En juin dernier, une plainte contre X avait même été déposée pour « prise illégale d'intérêts et détournement de fonds » par les syndicats FO et CGT, qui soupçonnaient leur pdg, Bernard Bensaid, de prélever chaque année une part de la trésorerie de leur établissement au profit du groupe Avec, qui compte lui-même 12.000 salariés et 400 établissements.

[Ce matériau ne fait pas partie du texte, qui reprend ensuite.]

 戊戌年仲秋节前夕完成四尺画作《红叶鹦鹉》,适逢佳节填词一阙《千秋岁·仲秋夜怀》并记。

Et c'est précisément cette procédure qui semble avoir franchi un nouveau cap ce lundi, avec la mise en garde à vue (depuis prolongée de 24 heures), du pdg du groupe Avec, Bernard Bensaid, au sein des locaux de la Police Judiciaire de Grenoble.

Le procureur adjoint, François Touret de Courcy, a confirmé mardi à la presse locale que Bernard Bensaid devait être « ramené à Grenoble pour être entendu sur les infractions de prise illégale d'intérêts et détournement de fonds publics », tandis que des perquisitions ont eu lieu à son domicile ainsi qu'au siège du groupe Avec.

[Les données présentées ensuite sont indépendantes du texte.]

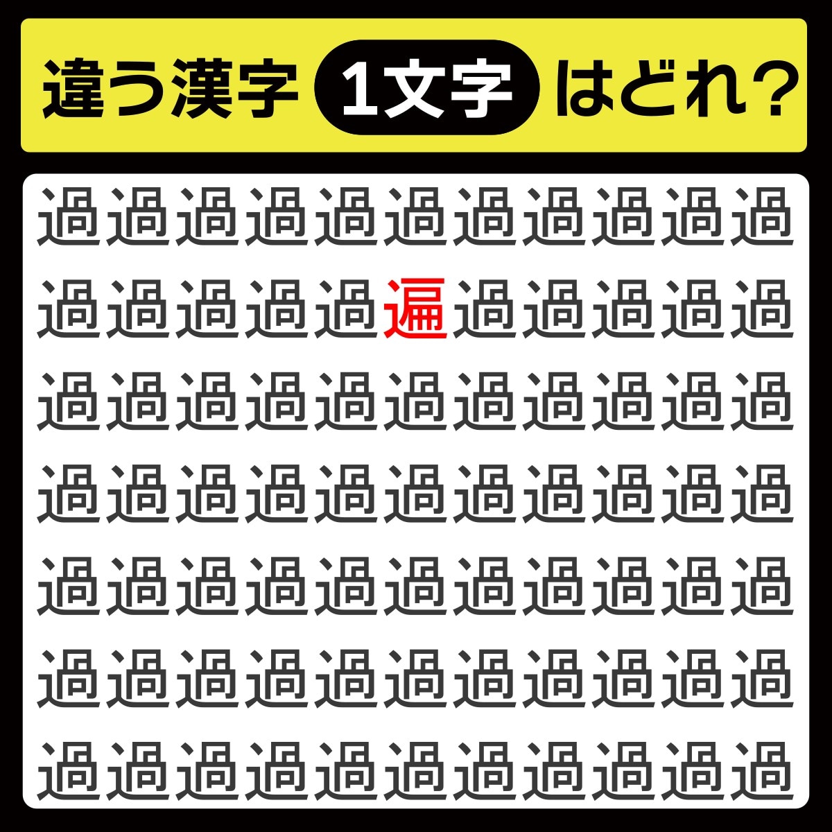 違う漢字は、上から2行目、左から6番目の文字でした!

Et ce mercredi midi, c'est le parquet de Grenoble qui a ensuite confirmé l'ouverture d'une information judiciaire pour « prise illégale d'intérêts par un chargé de mission de service public » et « détournements de fonds publics », avec le placement du pdg du groupe directement sous contrôle judiciaire assorti « d'une interdiction de gérer et de diriger l'UMH-GHM ou tout établissement de santé privé d'intérêt collectif et tout personne morale de droit public. » Avec à la clé, le versement d'un caution d'un million d'euros, tandis que la société Avec a également été mise en examen pour « recel ».

Cette étape devrait donc permettre la saisine d'un juge d'instruction qui sera ainsi chargé d'enquêter et de rassembler des preuves avant de décider un possible renvoi de l'affaire devant le tribunal compétent.

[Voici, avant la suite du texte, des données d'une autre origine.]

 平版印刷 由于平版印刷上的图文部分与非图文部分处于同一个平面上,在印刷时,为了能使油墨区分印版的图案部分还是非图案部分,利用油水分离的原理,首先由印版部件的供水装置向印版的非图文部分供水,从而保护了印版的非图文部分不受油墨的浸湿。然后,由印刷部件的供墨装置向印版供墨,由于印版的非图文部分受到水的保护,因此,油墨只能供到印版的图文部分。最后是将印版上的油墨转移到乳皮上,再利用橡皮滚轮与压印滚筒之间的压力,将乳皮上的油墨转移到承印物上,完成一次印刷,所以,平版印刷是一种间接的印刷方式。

Une remontée de 2,7 millions d'euros qui a fait réagir

Pour comprendre cette affaire, il faut en réalité remonter quelques mois en arrière : « Cela fait deux ans que nous avions alerté à la fois le ministre de la Santé, de l'époque, l'isérois Olivier Véran, ainsi que la direction régionale de l'ARS sur la situation de l'UMG-GHM. Nous avons même récemment adressé un courrier à Elisabeth Borne », explique à La Tribune Thierry Carron, élu au Conseil social et économique (CSE) de l'établissement et délégué du syndicat majoritaire FO.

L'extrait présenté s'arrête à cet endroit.